- Logo
- Location of Pottawattamie Park in LaPorte County, Indiana.
- Coordinates: 41°43′24″N 86°52′02″W﻿ / ﻿41.72333°N 86.86722°W
- Country: United States
- State: Indiana
- County: LaPorte
- Township: Michigan

Area
- • Total: 0.25 sq mi (0.64 km^{2})
- • Land: 0.25 sq mi (0.64 km^{2})
- • Water: 0 sq mi (0.00 km^{2})
- Elevation: 623 ft (190 m)

Population (2020)
- • Total: 242
- • Density: 985.1/sq mi (380.34/km^{2})
- Time zone: UTC-6 (Central (CST))
- • Summer (DST): UTC-5 (CDT)
- ZIP code: 46360
- Area code: 219
- FIPS code: 18-61488
- GNIS feature ID: 2396865
- Website: www.townofpottawattomieparkin.org

= Pottawattamie Park, Indiana =

Pottawattamie Park is a town in Michigan Township, LaPorte County, Indiana, United States. The population was 242 at the 2020 census. It is included in the Michigan City, Indiana-La Porte, Indiana Metropolitan Statistical Area.

==History==
Pottawattamie Park was incorporated in 1936 on land once inhabited by the Potawatomi Indians.

==Geography==
Pottawattamie Park is completely surrounded by the city of Michigan City.

According to the 2010 census, Pottawattamie Park has a total area of 0.25 sqmi, all land.

A significant portion of the town consists of the Friendship Botanic Gardens, which comprises 0.16 square miles of the town's total area.

==Demographics==

Historical population
| Census | Pop. | Note | %± |
| 1960 | 292 |  | — |
| 1970 | 374 |  | 28.1% |
| 1980 | 284 |  | −24.1% |
| 1990 | 281 |  | −1.1% |
| 2000 | 300 |  | 6.8% |
| 2010 | 235 |  | −21.7% |
| 2020 | 242 |  | 3.0% |
U.S. Decennial Census

===2010 census===
As of the census of 2010, there were 235 people, 102 households, and 68 families living in the town. The population density was 940.0 PD/sqmi. There were 111 housing units at an average density of 444.0 /sqmi. The racial makeup of the town was 92.3% White, 7.2% African American, and 0.4% from two or more races. Hispanic or Latino of any race were 0.4% of the population.

There were 102 households, of which 21.6% had children under the age of 18 living with them, 61.8% were married couples living together, 3.9% had a female householder with no husband present, 1.0% had a male householder with no wife present, and 33.3% were non-families. 29.4% of all households were made up of individuals, and 14.7% had someone living alone who was 65 years of age or older. The average household size was 2.23 and the average family size was 2.76.

The median age in the town was 53.1 years. 18.7% of residents were under the age of 18; 3% were between the ages of 18 and 24; 20.8% were from 25 to 44; 32.4% were from 45 to 64; and 25.1% were 65 years of age or older. The gender makeup of the town was 47.7% male and 52.3% female.

===2000 census===
As of the census of 2000, there were 300 people, 121 households, and 86 families living in the town. The population density was 1,196.9 PD/sqmi.

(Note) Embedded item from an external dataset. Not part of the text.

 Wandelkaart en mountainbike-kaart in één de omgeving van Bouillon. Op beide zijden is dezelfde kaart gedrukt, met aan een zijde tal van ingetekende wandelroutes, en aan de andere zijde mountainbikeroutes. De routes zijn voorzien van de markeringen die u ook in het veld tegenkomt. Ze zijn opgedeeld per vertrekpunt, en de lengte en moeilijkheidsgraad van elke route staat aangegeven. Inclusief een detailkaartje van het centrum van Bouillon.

There were 127 housing units at an average density of 506.7 /sqmi. The racial makeup of the town was 80.00% White, 16.33% African American, 0.67% Asian, 1.33% from other races, and 1.67% from two or more races. Hispanic or Latino of any race were 1.67% of the population.

There were 121 households, out of which 26.4% had children under the age of 18 living with them, 62.0% were married couples living together, 8.3% had a female householder with no husband present, and 28.1% were non-families. 25.6% of all households were made up of individuals, and 15.7% had someone living alone who was 65 years of age or older. The average household size was 2.37 and the average family size was 2.84.

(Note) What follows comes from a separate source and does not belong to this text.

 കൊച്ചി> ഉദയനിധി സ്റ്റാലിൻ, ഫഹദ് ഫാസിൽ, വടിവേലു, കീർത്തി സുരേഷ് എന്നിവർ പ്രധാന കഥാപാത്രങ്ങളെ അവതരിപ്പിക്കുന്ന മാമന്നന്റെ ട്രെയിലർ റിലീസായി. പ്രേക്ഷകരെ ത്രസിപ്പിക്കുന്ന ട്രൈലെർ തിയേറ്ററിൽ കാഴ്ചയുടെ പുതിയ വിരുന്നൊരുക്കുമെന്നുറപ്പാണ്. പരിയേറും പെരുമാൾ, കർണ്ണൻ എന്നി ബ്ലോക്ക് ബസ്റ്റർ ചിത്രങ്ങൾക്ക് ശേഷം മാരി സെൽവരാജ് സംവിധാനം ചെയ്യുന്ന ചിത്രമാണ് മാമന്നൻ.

In the town, the population was spread out, with 21.7% under the age of 18, 5.0% from 18 to 24, 22.3% from 25 to 44, 28.7% from 45 to 64, and 22.3% who were 65 years of age or older. The median age was 46 years. For every 100 females, there were 92.3 males. For every 100 females age 18 and over, there were 89.5 males.

The median income for a household in the town was $37,500, and the median income for a family was $46,750. Males had a median income of $63,750 versus $22,292 for females. The per capita income for the town was $24,383. About 3.4% of families and 8.6% of the population were below the poverty line, including 2.9% of those under the age of eighteen and 4.5% of those 65 or over.

==Education==
Michigan City Area Schools is the school district covering the municipality. For this municipality, the zoned elementary school is Lake Hills Elementary School. The zoned middle school is Krueger Middle School, and Michigan City High School is the district's sole comprehensive high school.